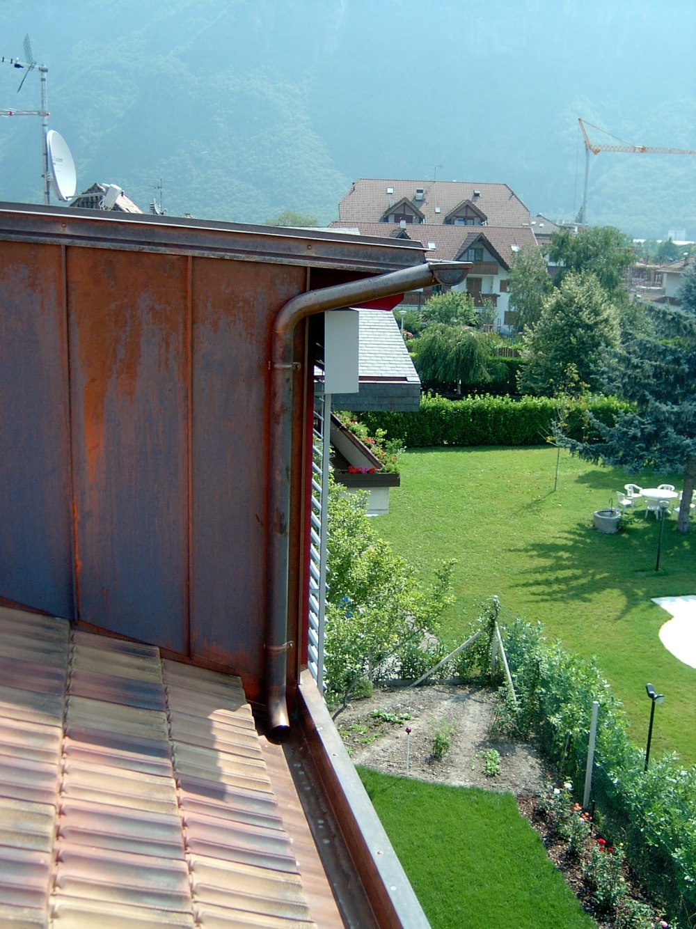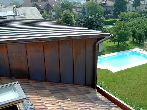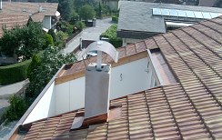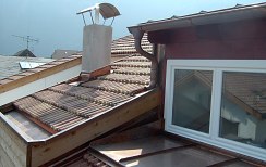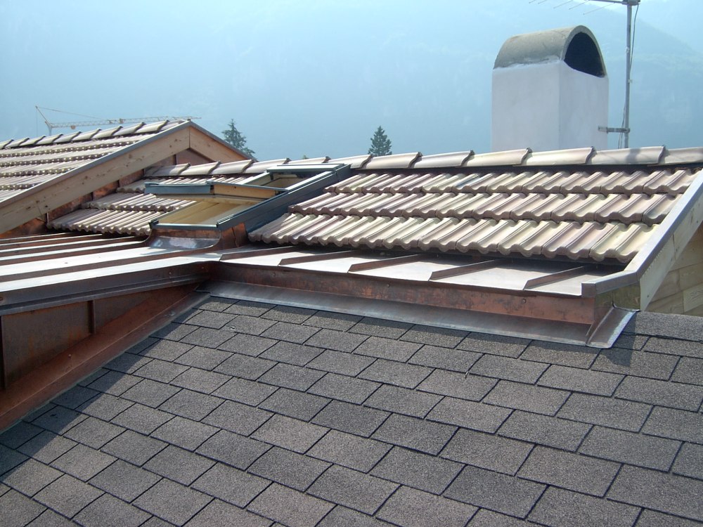 Nelle immagini è raffigurato un tetto coperto a tegole marsigliesi: si vedono una gronda incassata e tutti i lavori di raccordo ai camini, lucernari e tavola di frontone alto, nonché la laminatura della parete laterale e del tetto dell'abbaino.
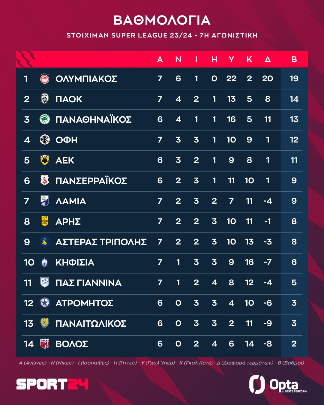 Stoiximan Super League: Η βαθμολογία μετά τη νίκη του ΟΦΗ επί της ΑΕΚ
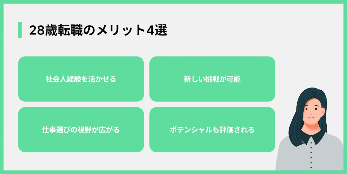 28歳での転職には、実はメリットもたくさんあります。不安な気持ちだけでなく、良い面にも目を向けてみましょう。転職活動へのモチベーションも上がるはずです。
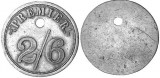BECHUANALAND PROTECTORATE (NOW BOTSWANA) B.B. Police (Bechuanaland Border Police) Canteen tokens, 1893 for 1s, (illustrated) 6d (illustrated) and aluminium blank stamped B.B. (T.B1; M.1,3,-). Fine-very ...
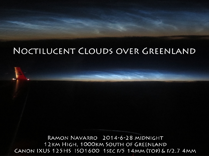 Nice display of Noctilucent clouds over Greenland.
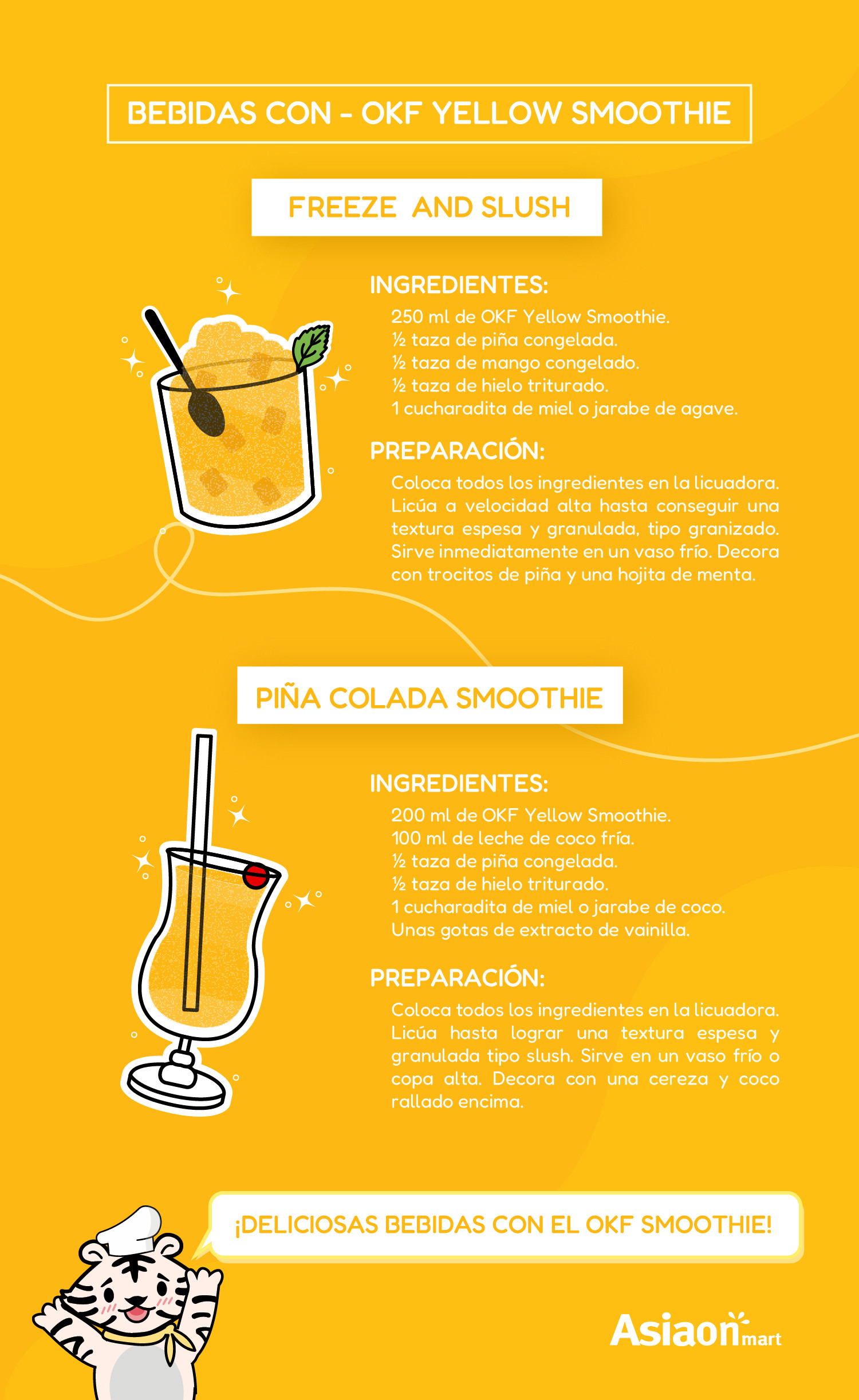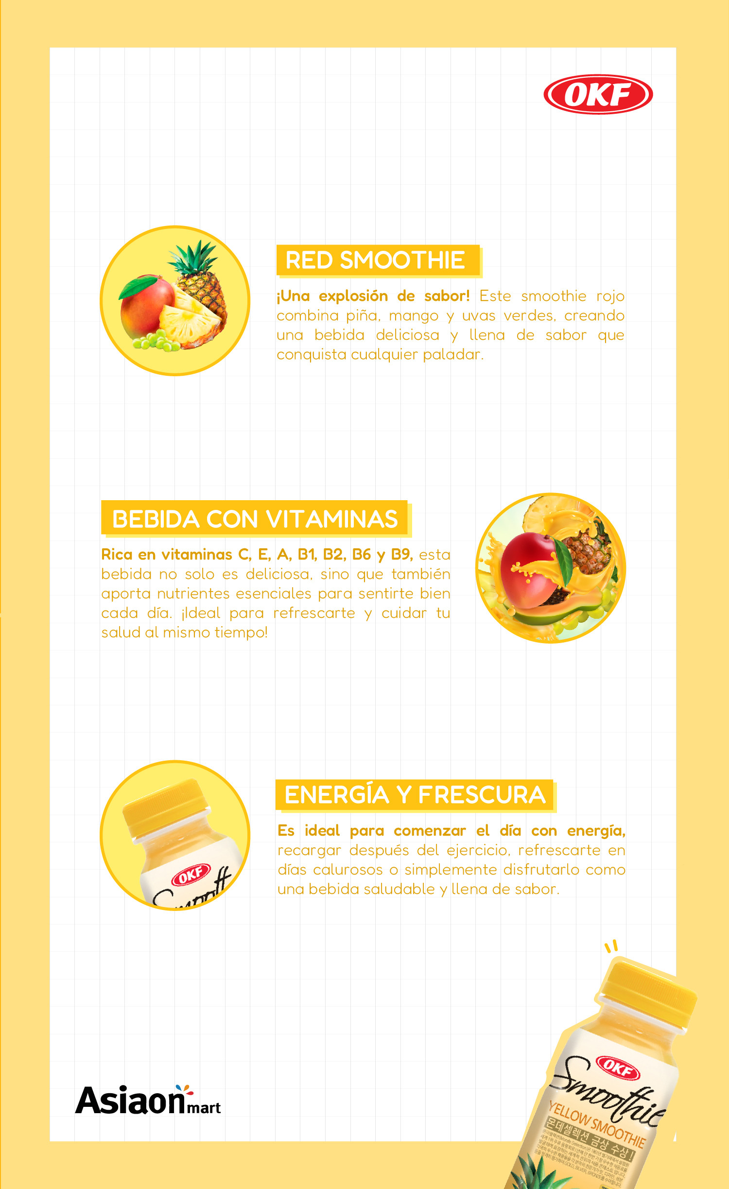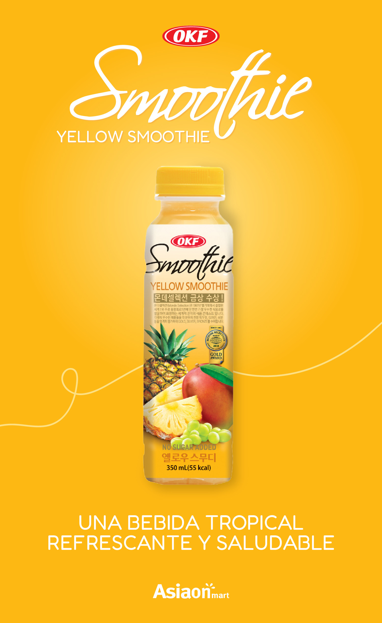 Okf Jugo Smoothie Mix de Frutas Amarillas 350 ml una bebida espesa y cremosa, el Smoothie Amarillo es una mezcla de puré de piña, uvas blancas y mango. El batido amarillo contiene Lactobacillus, que es una bacteria inocua para los humanos, lo que la convierte en una bebida saludable probiótica. Este producto también contiene una pequeña cantidad de leche desnatada.
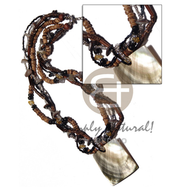 4 rows graduated multilayered 4-5mm coco Pokalet beads 4 rows 4mm glass beads and 20mm round woo..
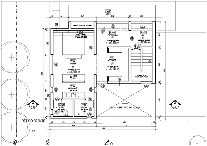 Programa en planta alta: escritorio, vestidor, master
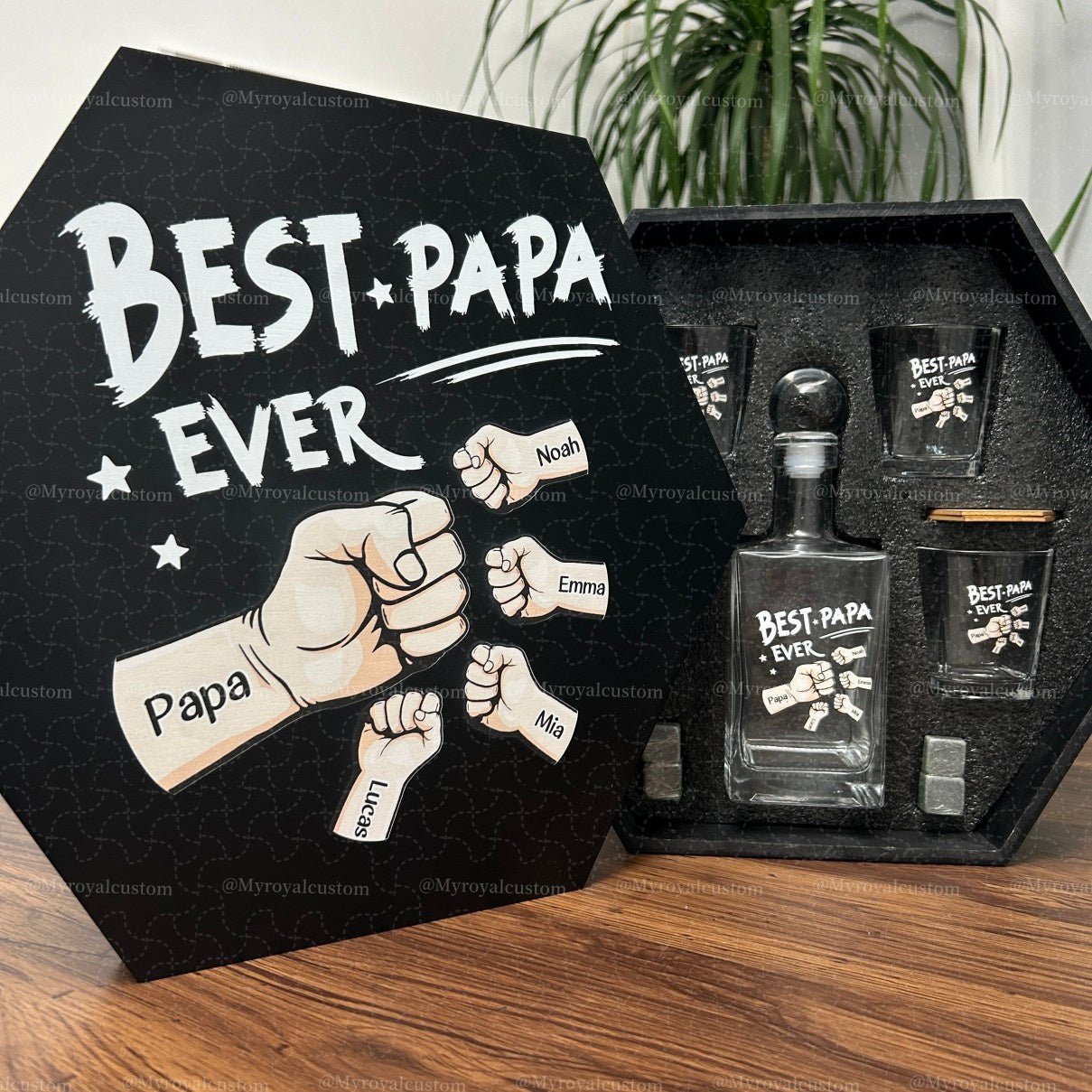 Whiskey Decanter Set is a wonderful gift, completely personalized to your wishes for your loved ones. The personalization of each element will remain in the memory as an exclusive gift, which is approached with special attention, and the recipient receives an unforgettable emotion. This Personalized Whiskey Gift Set is a one-of-a-kind gift, perfect and suitable for any occasion. Whiskey Decanter Set is a unique and thoughtful gift for a loved one, brother, dad, colleague, boss, boyfriend, or groomsmen. Perfect for Wedding Day, Birthday, Father's Day, Corporate Gift, Christmas, as well as for no reason
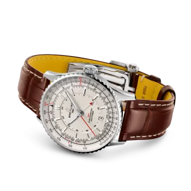 La Navitimer la plus polyvalente de Breitling - pour le voyage. La Navitimer est l'une des montres les plus reconnaissables jamais fabriquées. Elle figure sur les listes des collectionneurs des plus grandes montres de tous les temps. Ce qui a commencé en 1952 comme un outil pour les pilotes a fini par signifier quelque chose de profond pour chaque personne qui a eu ce garde-temps avec elle lors de son voyage personnel. La Navitimer Automatic et la Navitimer Automatic GMT 41 distillent le look emblématique, en omettant le chronographe tout en préservant une composition de cadran équilibrée. L'emplacement central de l'échelle des 24 heures sur la GMT et le cadran épuré de l'Automatic font ressortir la règle à calcul complexe tout en rationalisant l'esthétique générale. Pour affiner encore la collection, la lunette crantée a été incorporée pour apporter une touche contemporaine, et l'alternance des finitions polies et brossées ajoute un jeu de lumière dynamique. Les bracelets en cuir d'alligator et les bracelets avec fermoir papillon sans soudure offrent confort et commodité. La palette comprend des cadrans colorés, habillés au choix d'acier inoxydable ou d'or rouge 18 carats. Cette réinvention de la Navitimer, qui marie le classique et le contemporain, s'adresse aussi bien aux passionnés qu'aux amateurs de style, promettant l'engagement de Breitling en faveur de l'héritage et de l'innovation dans chaque garde-temps.
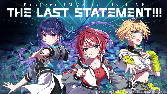 株式会社バンダイナムコエンターテインメントは、「THE IDOLM@STER」シリーズを手掛けるPROJECT IM@Sによる新規アイドルプロジェクト「PROJECT IM@S vα-liv」において、アイドル候補生3名による、初のオンラインLIVE「PROJECT IM@S vα-liv LIVE -THE LAST STATEMENT!!!-」を2024年3月31日(日)にASOBISTAGEにて開催することを発表いたしました。
_ _ _ _ _ _ _
▶ [What needs to be done]:
Repeat exactly the lines from the first line of the records above through the line containing "28歳での転職には、実はメリ", both included. Leave out the pictures.

▶ [Result]:
 Nelle immagini è raffigurato un tetto coperto a tegole marsigliesi: si vedono una gronda incassata e tutti i lavori di raccordo ai camini, lucernari e tavola di frontone alto, nonché la laminatura della parete laterale e del tetto dell'abbaino.
 Stoiximan Super League: Η βαθμολογία μετά τη νίκη του ΟΦΗ επί της ΑΕΚ
 28歳での転職には、実はメリットもたくさんあります。不安な気持ちだけでなく、良い面にも目を向けてみましょう。転職活動へのモチベーションも上がるはずです。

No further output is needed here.